───── Data in this exercise ─────

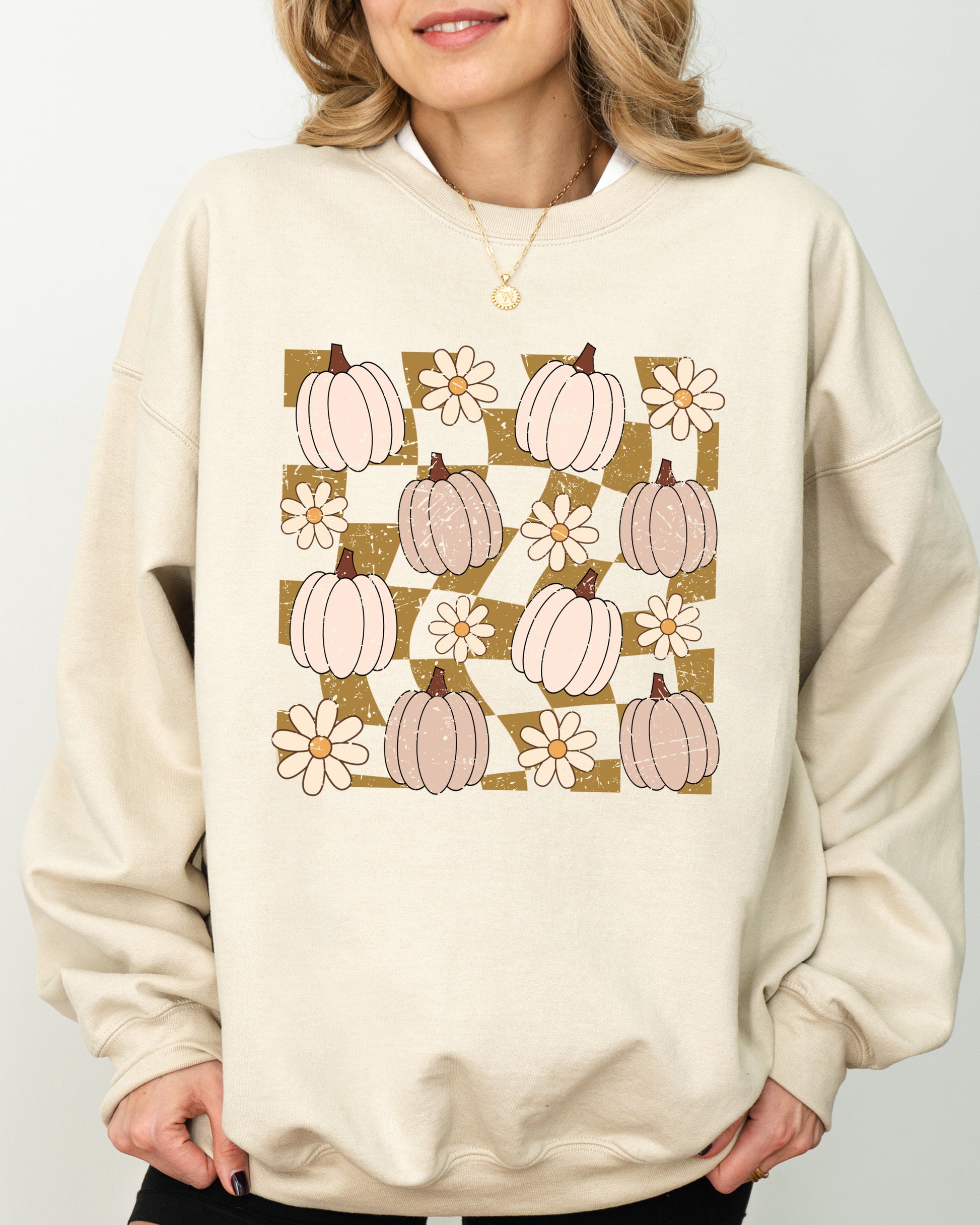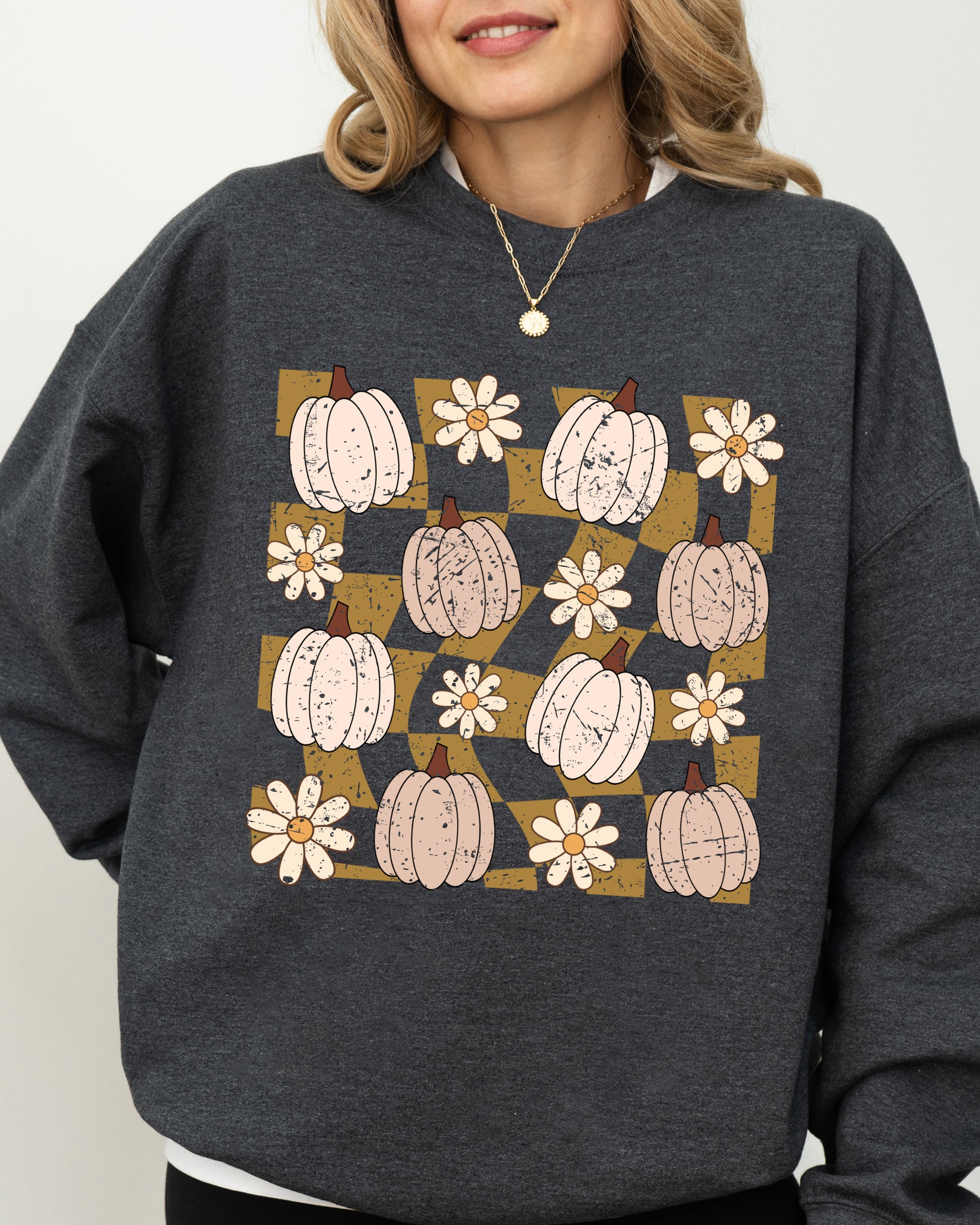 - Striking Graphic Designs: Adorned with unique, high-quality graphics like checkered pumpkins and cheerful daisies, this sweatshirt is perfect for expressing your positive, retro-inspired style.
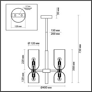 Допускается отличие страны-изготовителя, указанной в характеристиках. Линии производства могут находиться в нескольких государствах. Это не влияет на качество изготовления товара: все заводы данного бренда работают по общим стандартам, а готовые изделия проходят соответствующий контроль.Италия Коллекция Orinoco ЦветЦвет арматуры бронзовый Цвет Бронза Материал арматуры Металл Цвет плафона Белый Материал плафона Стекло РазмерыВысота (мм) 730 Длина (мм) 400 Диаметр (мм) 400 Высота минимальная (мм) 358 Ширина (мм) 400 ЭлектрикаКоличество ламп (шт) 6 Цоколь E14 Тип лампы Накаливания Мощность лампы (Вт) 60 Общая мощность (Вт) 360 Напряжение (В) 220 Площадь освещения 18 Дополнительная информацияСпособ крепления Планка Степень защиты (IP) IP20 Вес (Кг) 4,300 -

─────
───── Data in this exercise ─────

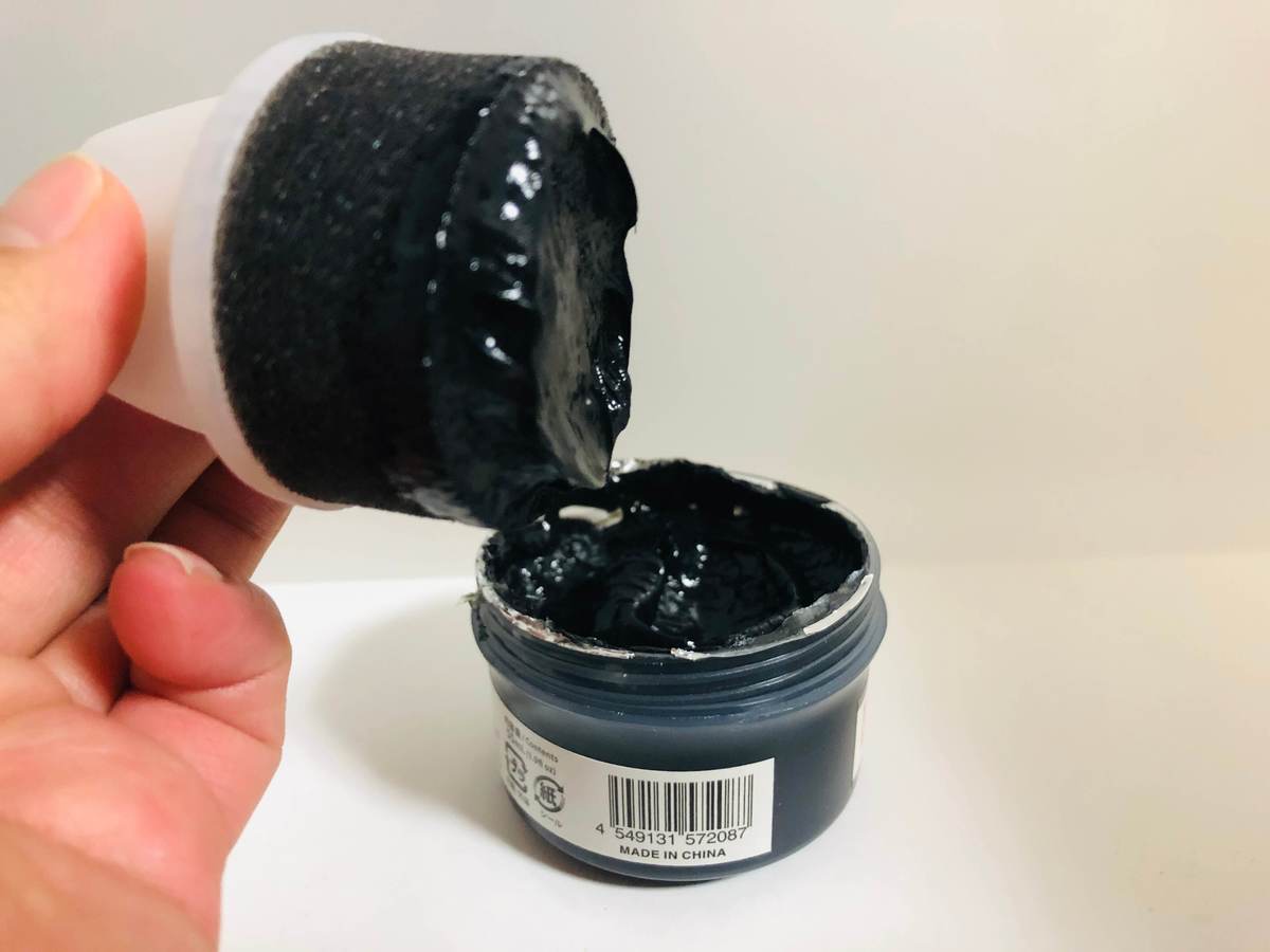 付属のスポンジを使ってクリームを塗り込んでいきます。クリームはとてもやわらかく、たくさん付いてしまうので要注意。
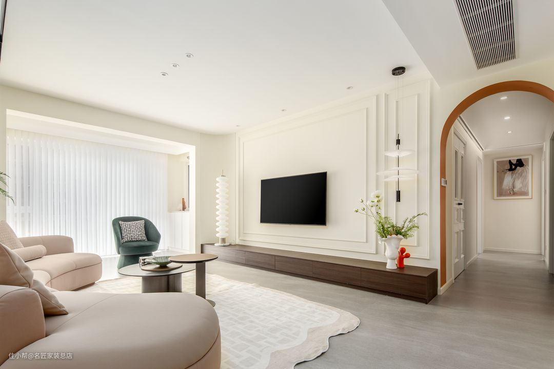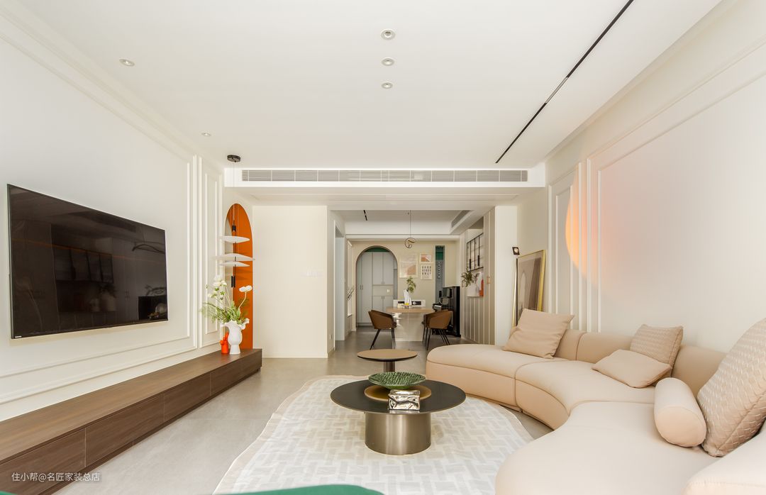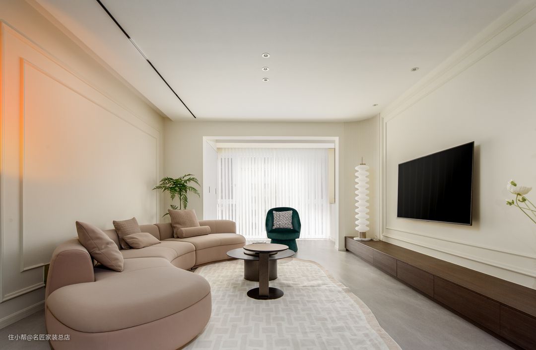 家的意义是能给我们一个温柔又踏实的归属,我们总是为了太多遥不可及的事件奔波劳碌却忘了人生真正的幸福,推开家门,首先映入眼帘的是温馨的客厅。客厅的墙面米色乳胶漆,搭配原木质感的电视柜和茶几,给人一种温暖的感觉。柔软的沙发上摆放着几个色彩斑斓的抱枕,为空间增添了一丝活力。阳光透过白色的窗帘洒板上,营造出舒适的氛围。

─────
───── Data in this exercise ─────

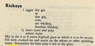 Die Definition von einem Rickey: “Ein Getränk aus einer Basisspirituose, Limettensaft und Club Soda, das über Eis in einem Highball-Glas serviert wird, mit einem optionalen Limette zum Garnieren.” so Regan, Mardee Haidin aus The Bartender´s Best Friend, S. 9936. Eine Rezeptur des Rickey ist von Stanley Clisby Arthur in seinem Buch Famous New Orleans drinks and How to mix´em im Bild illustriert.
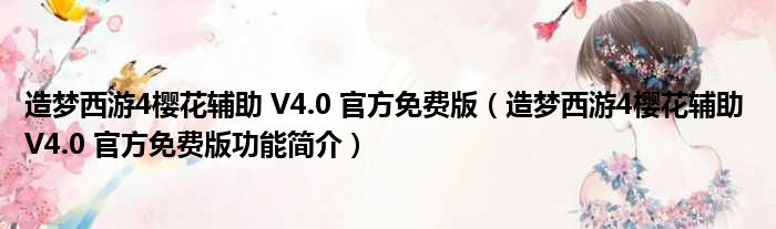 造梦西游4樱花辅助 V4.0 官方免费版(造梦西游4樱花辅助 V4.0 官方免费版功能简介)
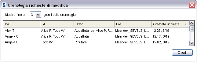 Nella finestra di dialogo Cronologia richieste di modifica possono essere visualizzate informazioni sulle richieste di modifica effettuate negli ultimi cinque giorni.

─────

◆ **Prompt**:
Print, exactly, each line above from the one with "- Striking Graphic" to the one with "Допускается отличие страны-изготовителя, указанной", end lines included. Leave pictures out of it.

◆ **Exercise result**:
 - Striking Graphic Designs: Adorned with unique, high-quality graphics like checkered pumpkins and cheerful daisies, this sweatshirt is perfect for expressing your positive, retro-inspired style.
 Допускается отличие страны-изготовителя, указанной в характеристиках. Линии производства могут находиться в нескольких государствах. Это не влияет на качество изготовления товара: все заводы данного бренда работают по общим стандартам, а готовые изделия проходят соответствующий контроль.Италия Коллекция Orinoco ЦветЦвет арматуры бронзовый Цвет Бронза Материал арматуры Металл Цвет плафона Белый Материал плафона Стекло РазмерыВысота (мм) 730 Длина (мм) 400 Диаметр (мм) 400 Высота минимальная (мм) 358 Ширина (мм) 400 ЭлектрикаКоличество ламп (шт) 6 Цоколь E14 Тип лампы Накаливания Мощность лампы (Вт) 60 Общая мощность (Вт) 360 Напряжение (В) 220 Площадь освещения 18 Дополнительная информацияСпособ крепления Планка Степень защиты (IP) IP20 Вес (Кг) 4,300 -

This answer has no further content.